I'm new here and I was hoping someone could give me some advice on selecting a hybrid. I'm not even sure I need one. I am a mid-handicapper and I can hit my 3 and 4 irons pretty well and with consistency. However, I cannot hit a wood off the fairway for the life of me. I'm looking for something with a little more distance for longer par 5s or when I duff my tee shot. I've been thinking about getting a hybrid, but it seems everything I've read says they are to replace the longer irons. 
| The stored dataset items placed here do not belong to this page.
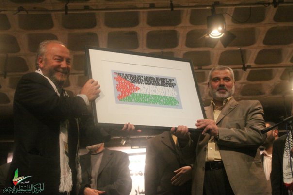 Galloway with Hamas leader Ismail Haniyeh in Gaza, holding up a Viva Palestina poster, January 2010
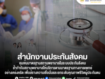 ประกันสังคมคุมเข้มมาตรฐานสถานพยาบาลในระบบประกันสังคม ย้ำกำกับสถานพยาบาลให้บริการตามมาตรฐานทางการแพทย์อย่างเคร่งครัด เพื่อสร้างความเชื่อมั่นและยกระดับคุณภาพชีวิตผู้ประกันตน
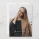 Announce your graduate's achievements and future plans with this stylish, modern photo graduation announcement. The front of the announcement displays the graduate's full-bleed vertical photo. "Graduate" is displayed in a trendy, handwritten white script. Personalize the announcement with the graduation year, graduate's name, and school name. The announcement reverses to display an additional photo with your custom text shown below in black lettering. This 2 photo graduation announcement is perfect for high school or college graduations.
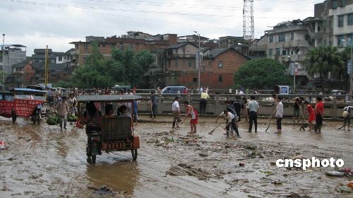 图:广西融水洪水退却 市区内一片狼籍(2)
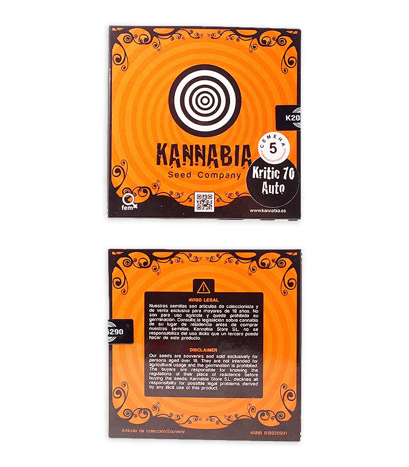 Kritic 70 Auto («Критик») - автоцветущая версия одного из лучших сортов компании Dinafem, созданная в Cannabia. Число 70 в названии сорта говорит о том, что именно за такое количество дней растение полностью завершает свой жизненный цикл.
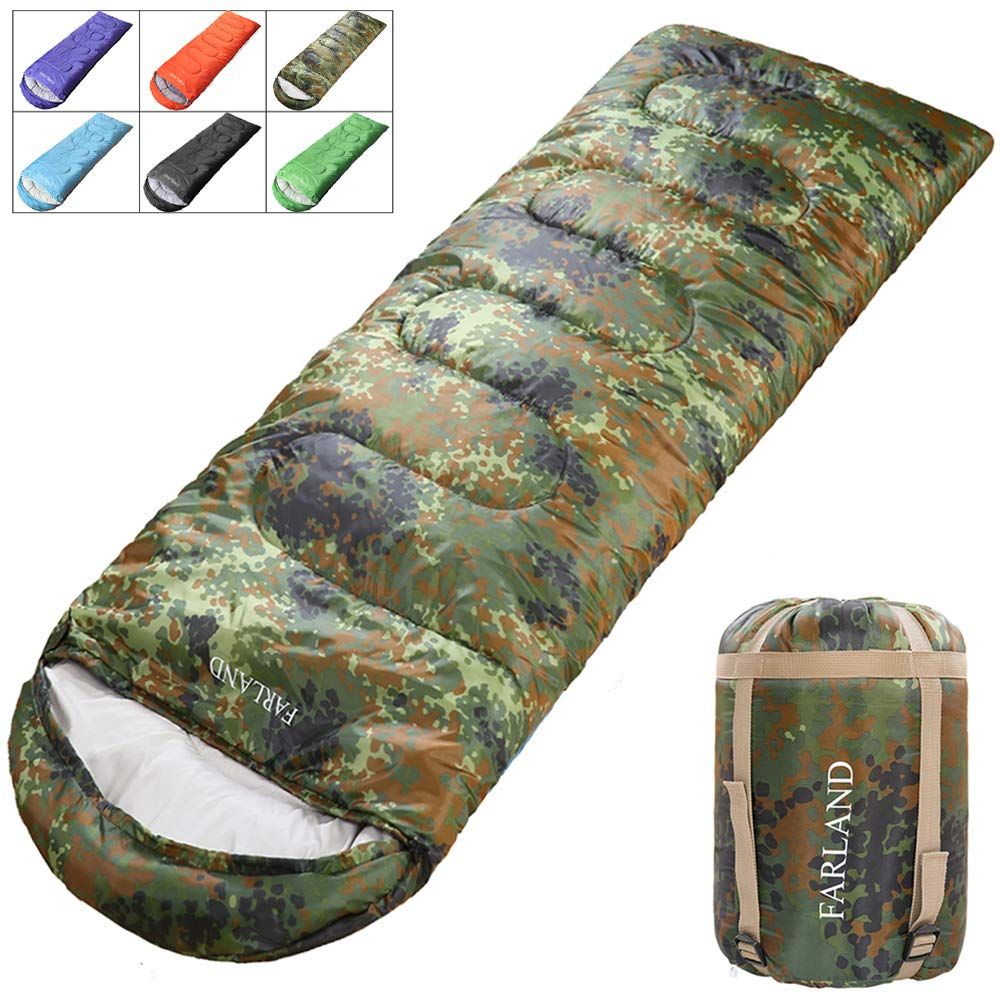 About Farland Sleeping BagOur Farland Always Insist on Supplying Super Comfortable warm Sleeping Bags at an affordable price.It has 100 polyester lining which is skin-friendly and uses high quality 290T Nylon on the outer cover to offer durability to the sleeping bag. It is the best choice for you to use it in Traveling, Camping, Hiking, and Outdoor Activities. FeaturesStorage Pocket: Secure internal pouch for valuables (phones, keys)Joint left-zip right-zip togerher: Double zipper system with windproof lining for extra insulation.Easy to clean: Farland sleeping bags are safer for machine wash.Lightweight Portable : weighing is around 4.0 pounds and compressing down to 8x 8x 15inches, this bag is perfect for winter backpacking and camping. 100 RISK-FREE SATISFACTION GUARANTEEIf you are not satisfied with the Farland Sleeping Bag, just return it within 30 days for a full refund. LIMITED TIME PRICING: Buy now to take advantage of the limited-time special pricing!. Sleep comfortably, even when it's 20 F outside, in the FARLAND Sleeping Bag with a zipper weather-stripping design. It's designed to keep you warm from top to bottom. The drawstring-adjustable and hood surrounds your head to keep you warm. When you're done, it's easy to put it away in the stuff sack.The Sleeping Bag fits heights up to 6 ft. 10 in. and is machine washable.. About FARLAND. FARLAND is a manufacturer brand which specialize in outdoor products(like sleeping bag, hammock, patio umbrella, yoga mat,tent,camping pillow and other outdoor products), adhere to the concept of being usercentered and productcored, is committed to providing users with a relaxed, enjoyable, comfortable quality life. The slogan of our FARLAND is to enrich your outdoor experienece. Since its inception, it has maintained a highspeed and stable development. Products are widely sold in the United States, Europe, Japan and other most specific countries and regions and received the users good feedback.
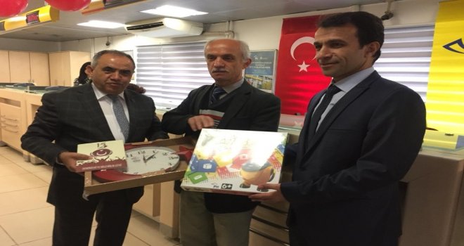 Öte yandan PTTde işlem yaptırmak için 178. sıra numarasını alan İsmail Kiraza çeşitli hediyeler takdim edildi.
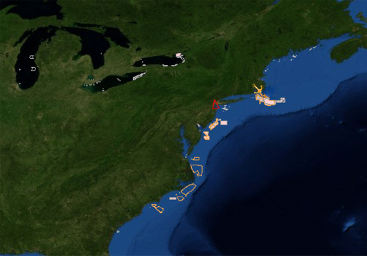 The 1st edition was launched at the AWEA offshore wind conference in Baltimore, USA in October 2011. This map shows all areas in the USA and Canada including the Great Lakes where wind farming is proposed and planned. Offshore wind farm areas are colour coded to show the stage that area is at together with the developer, and generating capacity where known. This includes request for interest areas, areas under application, areas granted and fully consented areas. Insets appear for the busy areas on the east coast and the Great lakes
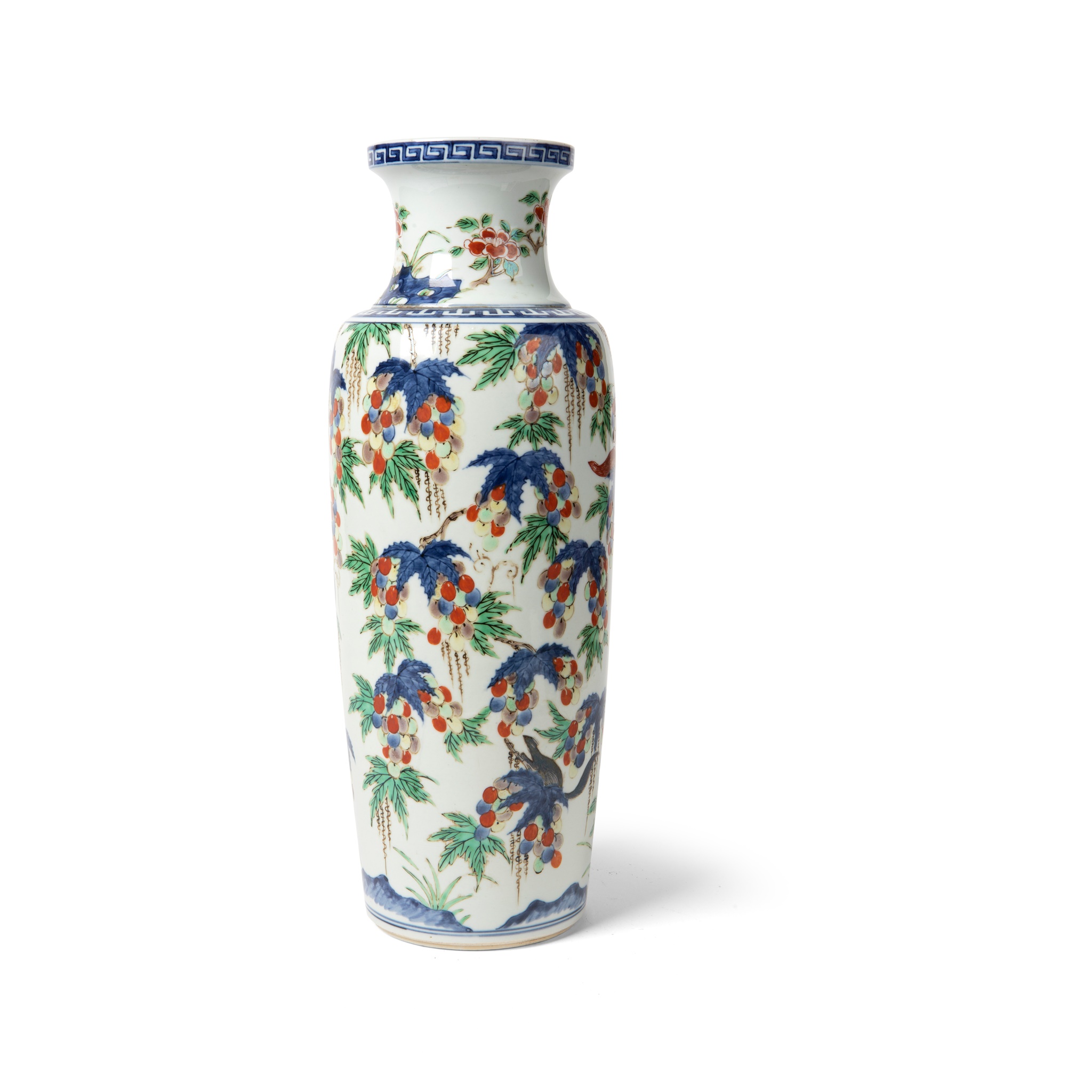 WUCAI 'SQUIRREL AND GRAPE' BALUSTER VASE
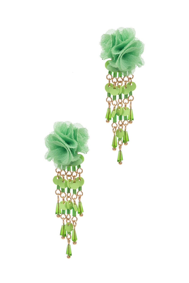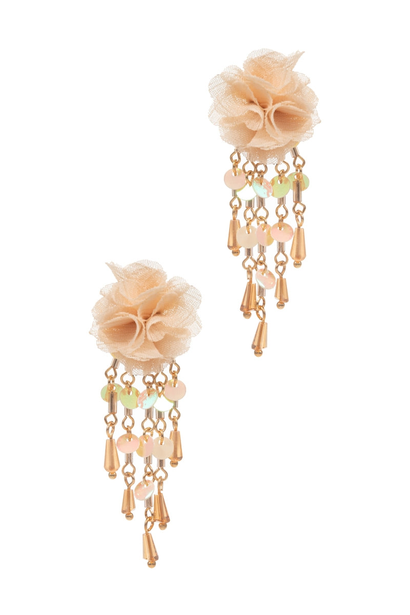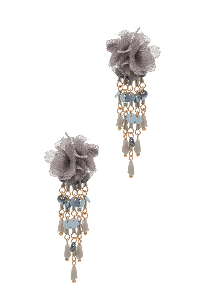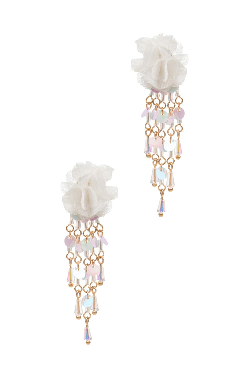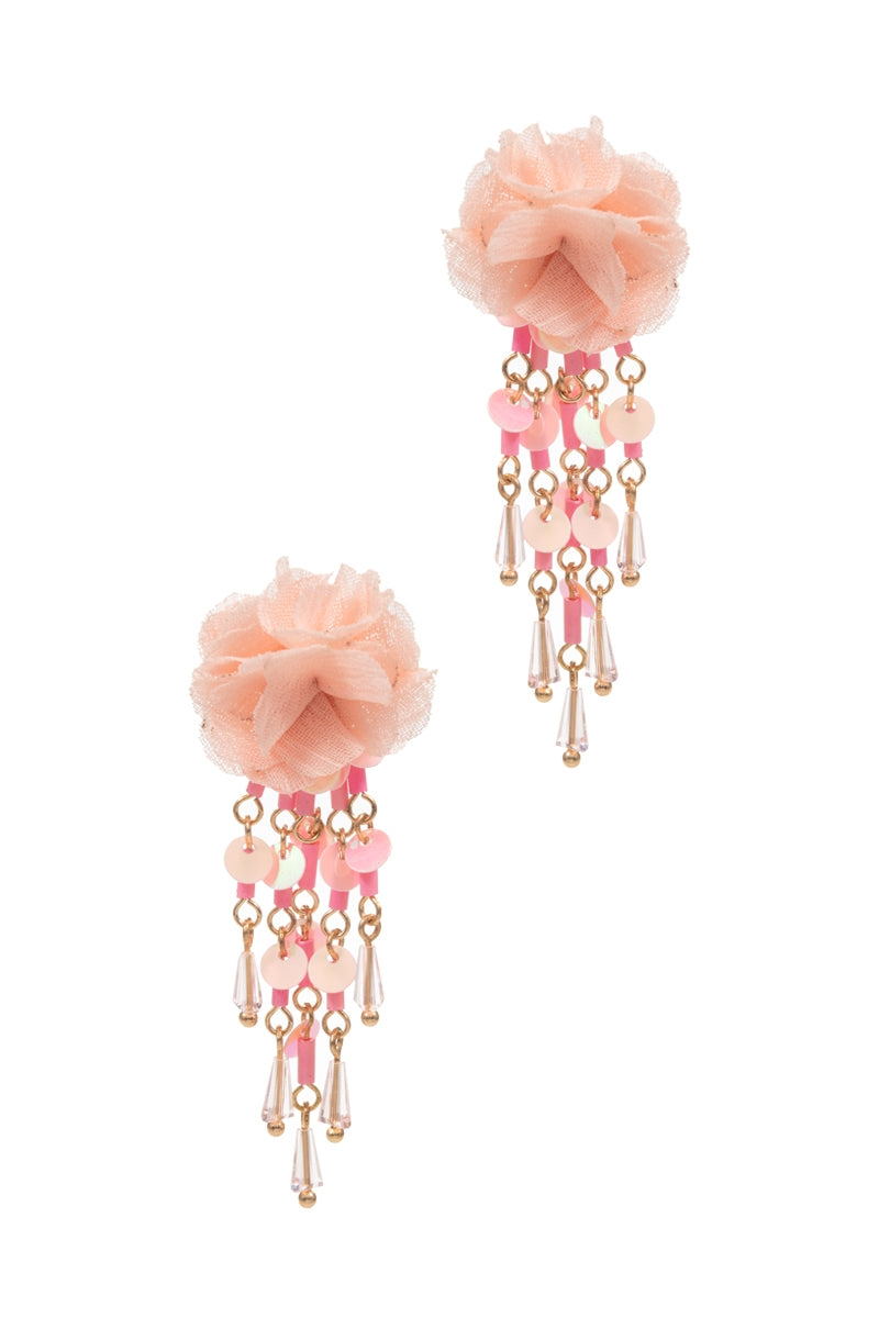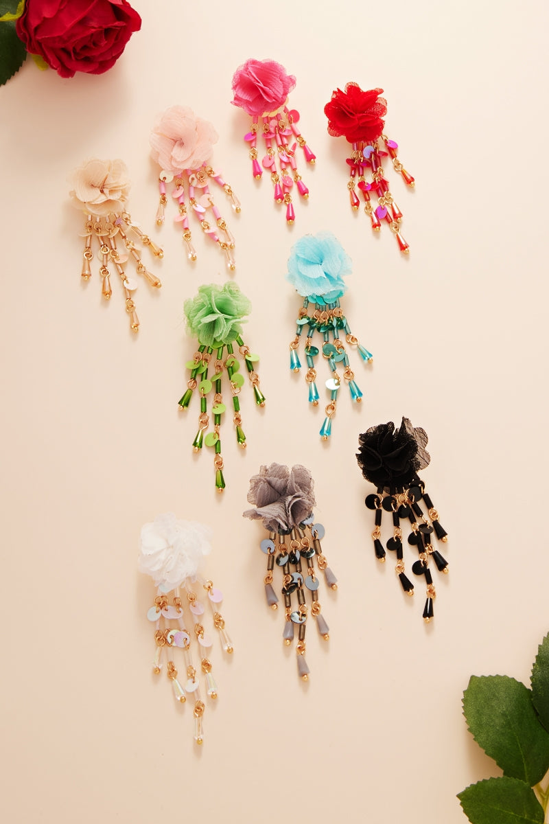 Flower Pompom Sequin Glassbead Tassel Post Earrings
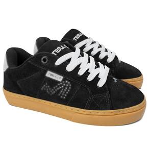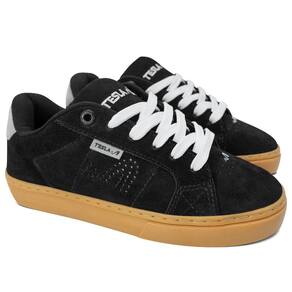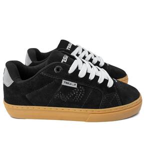 Hertz: O tênis Hertz da Tesla Footwear é um modelo inspirado nos tênis clássicos dos anos 2000, com um estilo "OLD" e referências ao verdadeiro tênis de skate. Ele é conhecido por seu bico curto e largo no pé, bem acolchoado, leve e confortável. O Hertz é revestido de camurça de alta resistência para evitar desgaste rápido ao entrar em contato com a lixa do skate.
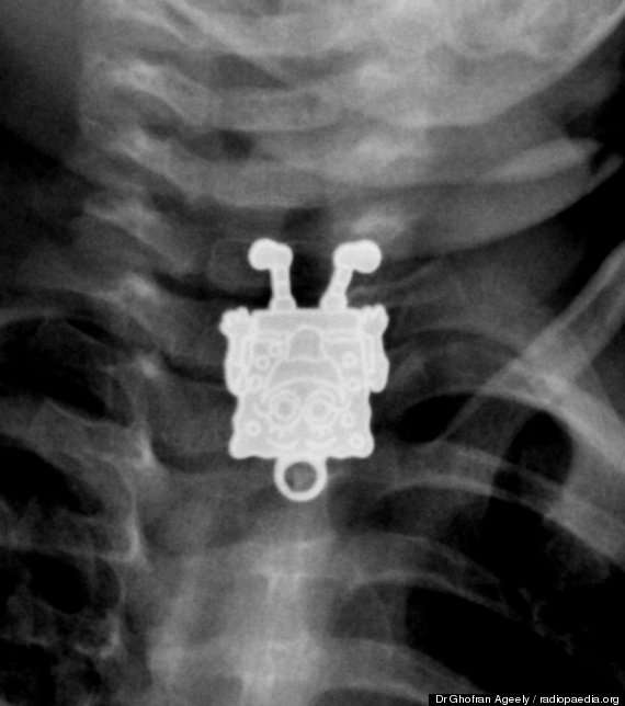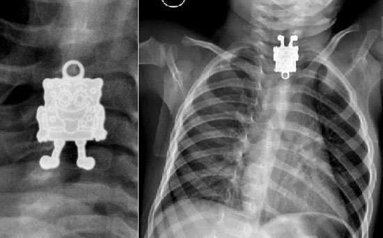 و نشرت إحدى أخصائيات الأشعة بمستشفى الملك عبدالعزيز صوراً للأشعة السينية ويظهر فيها سبونج بوب، مشيرة إلى أنها للوهلة الأولى بعد اطلاعها على الصورة الجانبية ظنت أن الطفل ابتلع قلماً، إلا أنها تفاجأت بعد ذلك من الصور الأمامية بأنها قلادة على شكل “سبونج بوب”.

Since I can hit my long irons well, is it even worth getting a hybrid? If it is, what loft should I look at to replace my 3 or 5 wood? Thanks in advance for your help.

- Matt


----------



## 65nlovenit (Dec 8, 2006)

I'd say if you are having problems hitting your 3/5 woods a hybrid MIGHT be the way to go. They give you the shaft length of a wood but a much smaller, lighter look, more like an iron. They also come in the exact same lofts as your 3/5 woods. They will give you some extra yardage compared to your irons, but I doubt as much as a traditional 3/5 wood. If I were you I'd go for a lesson on using the woods, just my opinion,

Del


----------



## Fourputt (Nov 18, 2006)

65nlovenit said:


> I'd say if you are having problems hitting your 3/5 woods a hybrid MIGHT be the way to go. They give you the shaft length of a wood but a much smaller, lighter look, more like an iron. They also come in the exact same lofts as your 3/5 woods. They will give you some extra yardage compared to your irons, but I doubt as much as a traditional 3/5 wood. If I were you I'd go for a lesson on using the woods, just my opinion,
> 
> Del


Actually the hybrid shaft is iron length, but the head design is much more forgiving than the typical long iron. I'm not sure that a hybrid would be a good replacement for a 3W (be tough to hit one 3W distance)... but I'm using a 19° TM hybrid to replace my 5W... or nearly anyway. A 16° would certainly get you into the 4W or 5W range.


----------